先日、十二日に岩国市で、アメリカの空母艦載機移駐に関する住民投票が行われたわけでありますけれども、私はこのタイミングで住民投票を実施することには非常な疑問を感じたわけであります。
第一に、この二十日にも岩国市は周辺の七つの町村と合併をいたしまして新しい市に生まれ変わる、したがって住民投票の効力は元々一週間余りしかないわけであります。
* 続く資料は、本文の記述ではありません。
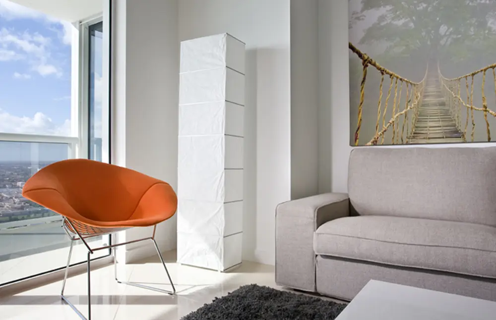 Para lograr, en el piso 43 de un moderno edificio, esa atmósfera vanguardista de estilo minimalista pero acogedora, el apartamento de diseño minimalista en el distrito financiero de Miami se reconfiguró como un único ambiente, en donde la vista sobre la bahía se convirtió en protagonista. El mobiliario, funcional y de líneas sencillas, se escogió debido a un contraste cromático y de materiales que ayudó a conseguir la imagen deseada.
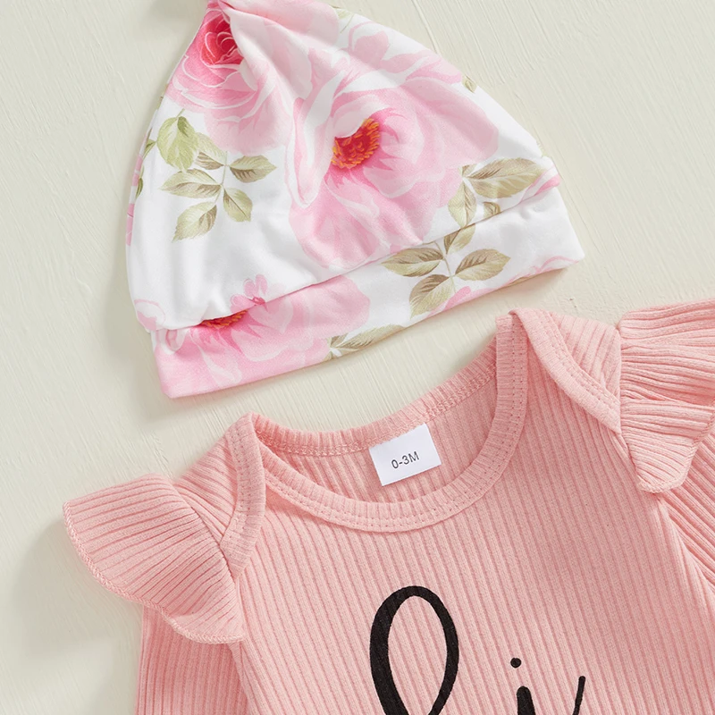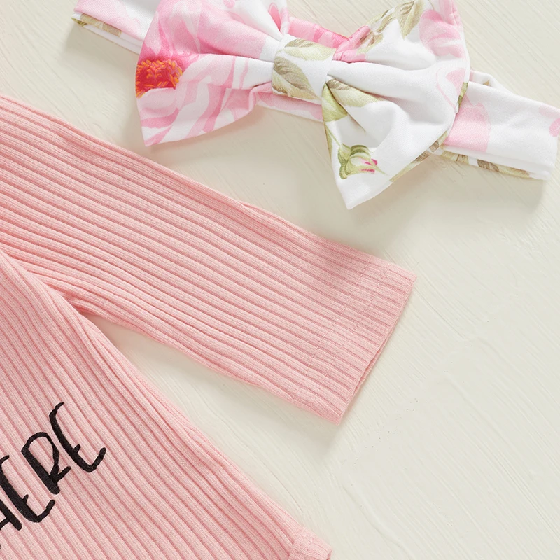 Baby girl romper with letter print, round neck, ruffles, long sleeves; Baby girl pants with floral print, cute bow, elastic waist design; And cute headband and hat set, make your little one cute and charming
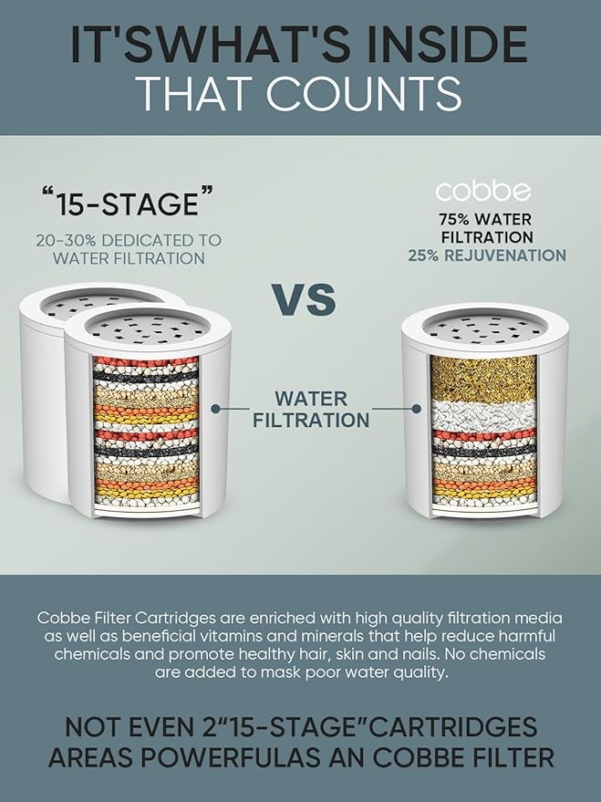 - 75% WATER FILTRATION: Cobbe filters are 75% calcium sulfite pellets and KDF-55 (not cheap beads), which effectively filter heavy metals and chlorine from water and protect your skin and hair.
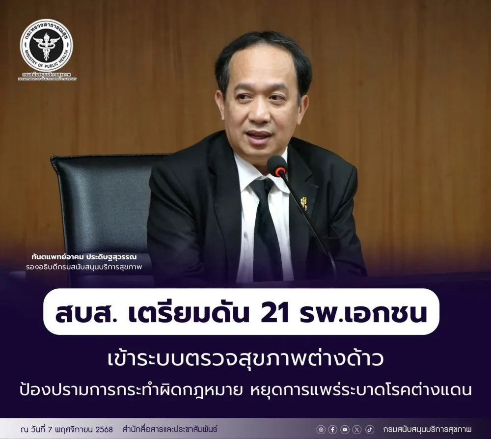 สบส. รับลูก สธ. ตั้งทีมเฝ้าระวังสถานพยาบาลออกใบรับรองแพทย์ในกลุ่มแรงงานต่างด้าว หยุดการแพร่ระบาดของโรคต่างแดน 08/10/2025 11:33 AM

また、その投票には七つの町村、新しく岩国市に加わる方々の意思は反映をされていない。そしてまた、もっと問題だなと思うのは、新しい市の市長選挙が来月の二十三日に行われるわけで、地元では、まあ少し口が悪いかもしれないけれども、これは市長選挙の事前運動に当たるんではないかと、こんな厳しい声すらあるわけであります。
元々この投票結果というのは法的拘束力を持ちませんけれども、その意義というものが何か過大評価され、報道されておる嫌いがあるんではないかと思います。一国の安全保障にかかわる問題をその当該の地域だけの直接民主制で決めるということは我が国の代議制の原則から外れるのではないか、こういうふうに思うわけでありますが、外務大臣、防衛庁長官というよりも、国務大臣、閣僚、まあ政治家として、この住民投票実施の是非あるいはその評価について、両大臣から御所見をお伺いしたいと思います。